Focus Is on Compliance After Supreme Court's Ruling on ACA
Author: Jayne Zanglein, Western Carolina University
Now that the ACA has been upheld, plan sponsors need to focus their efforts on implementing ACA requirements. Several tasks require immediate attention by plan sponsors.
Form W-2 Reporting Requirements
The ACA requires employers to report the total cost of employer-sponsored group health coverage on Form W-2 for the 2012 tax year (distributed to employees in 2013). There is an exception for employers that issue less than 250 W-2 forms.
The cost is based on the coverage in which the employee is enrolled and must account for changes in coverage throughout the plan year.
Employers should have systems in place (or be developing systems) that will track this information, and should also be working with their health care providers in order to determine how to collect and report this information.
Summary of Benefits and Coverage
The summary of benefits and coverage (SBC) describes the benefits and coverage under an employer's plan so that participants can compare the information to other plans for which they may be eligible.

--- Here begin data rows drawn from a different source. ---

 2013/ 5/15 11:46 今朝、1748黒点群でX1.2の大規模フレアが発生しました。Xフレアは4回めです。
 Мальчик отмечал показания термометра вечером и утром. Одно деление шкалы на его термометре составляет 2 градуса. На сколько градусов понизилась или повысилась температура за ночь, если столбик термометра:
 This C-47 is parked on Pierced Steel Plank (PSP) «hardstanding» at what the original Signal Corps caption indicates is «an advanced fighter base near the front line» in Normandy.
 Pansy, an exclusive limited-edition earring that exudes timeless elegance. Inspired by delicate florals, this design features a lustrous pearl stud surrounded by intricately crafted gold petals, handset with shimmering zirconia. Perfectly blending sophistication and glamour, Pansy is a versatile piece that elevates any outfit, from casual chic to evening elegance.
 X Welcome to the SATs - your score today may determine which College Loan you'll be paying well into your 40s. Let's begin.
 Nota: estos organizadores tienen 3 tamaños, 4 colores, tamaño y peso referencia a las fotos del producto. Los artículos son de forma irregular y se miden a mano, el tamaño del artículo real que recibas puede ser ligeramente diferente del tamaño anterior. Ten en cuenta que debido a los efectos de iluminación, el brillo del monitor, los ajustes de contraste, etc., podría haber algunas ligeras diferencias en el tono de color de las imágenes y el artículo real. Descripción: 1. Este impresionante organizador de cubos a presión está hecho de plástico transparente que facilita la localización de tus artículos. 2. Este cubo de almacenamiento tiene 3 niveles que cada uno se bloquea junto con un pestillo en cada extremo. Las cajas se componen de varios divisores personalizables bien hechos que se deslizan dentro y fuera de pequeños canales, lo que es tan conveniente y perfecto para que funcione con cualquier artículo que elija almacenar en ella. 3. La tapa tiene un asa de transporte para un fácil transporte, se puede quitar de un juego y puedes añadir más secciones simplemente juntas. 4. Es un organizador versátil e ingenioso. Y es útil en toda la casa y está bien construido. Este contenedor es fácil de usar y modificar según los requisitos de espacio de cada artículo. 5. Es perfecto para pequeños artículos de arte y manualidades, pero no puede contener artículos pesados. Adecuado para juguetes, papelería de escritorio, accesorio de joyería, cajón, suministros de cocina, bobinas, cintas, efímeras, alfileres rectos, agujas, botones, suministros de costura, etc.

The SBC must be provided to employees who enroll or re-enroll during an open enrollment period that begins on or after September 23, 2012. Plans that do not have a regular open enrollment period, or plans that allow individuals, such as new employees, to enroll outside of the open enrollment period, must comply on the first day of the plan year that begins on or after September 23, 2012.
Advance Notice of Benefit Changes
The ACA made a significant change to ERISA's Summary of Material Modification (SMM) reporting requirement when it adopted a 60-day advance written notice of material benefit changes. Material changes in the terms of the plan or coverage that are not reflected in the most recent SBC must be reported to plan enrollees within 60 days before the change goes into effect. This applies to changes made after the initial SBC is issued.

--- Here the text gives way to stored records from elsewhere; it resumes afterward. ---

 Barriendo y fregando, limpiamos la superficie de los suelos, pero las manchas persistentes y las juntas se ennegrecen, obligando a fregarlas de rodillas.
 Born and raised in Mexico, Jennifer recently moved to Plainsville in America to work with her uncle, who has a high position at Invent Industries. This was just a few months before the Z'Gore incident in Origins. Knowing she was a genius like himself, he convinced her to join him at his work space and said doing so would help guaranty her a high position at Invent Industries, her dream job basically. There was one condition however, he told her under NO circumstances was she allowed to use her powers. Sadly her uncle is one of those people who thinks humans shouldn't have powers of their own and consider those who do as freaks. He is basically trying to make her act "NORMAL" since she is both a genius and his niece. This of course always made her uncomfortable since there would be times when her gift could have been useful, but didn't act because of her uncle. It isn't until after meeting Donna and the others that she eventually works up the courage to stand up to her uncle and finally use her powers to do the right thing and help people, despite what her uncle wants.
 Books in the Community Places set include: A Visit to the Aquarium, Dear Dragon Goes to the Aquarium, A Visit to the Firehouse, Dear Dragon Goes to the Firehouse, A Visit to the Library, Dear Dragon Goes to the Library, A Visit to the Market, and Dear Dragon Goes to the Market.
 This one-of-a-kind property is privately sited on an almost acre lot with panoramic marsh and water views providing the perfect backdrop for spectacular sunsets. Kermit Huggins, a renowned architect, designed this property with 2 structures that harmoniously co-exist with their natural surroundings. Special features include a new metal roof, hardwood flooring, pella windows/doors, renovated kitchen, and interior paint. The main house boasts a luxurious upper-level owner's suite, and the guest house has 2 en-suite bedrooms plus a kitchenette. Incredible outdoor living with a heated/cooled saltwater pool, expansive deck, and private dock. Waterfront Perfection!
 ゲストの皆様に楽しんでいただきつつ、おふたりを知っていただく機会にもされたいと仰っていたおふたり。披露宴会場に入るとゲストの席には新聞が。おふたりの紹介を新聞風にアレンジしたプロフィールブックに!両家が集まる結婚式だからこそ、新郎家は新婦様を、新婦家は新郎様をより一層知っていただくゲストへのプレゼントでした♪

Health Flexible Spending Account Limits
The ACA imposes a $2,500 limit on employee pre-tax contributions to health flexible spending accounts (FSAs). The dollar limitation is effective for cafeteria plan years beginning on or after January 1, 2013.
Plan sponsors have until December 31, 2014 to amend plan documents as long as the amendment is retroactive for plan years beginning after December 31, 2012, and as long as the FSA implements the $2,500 limit for plan years beginning on or after January 1, 2013.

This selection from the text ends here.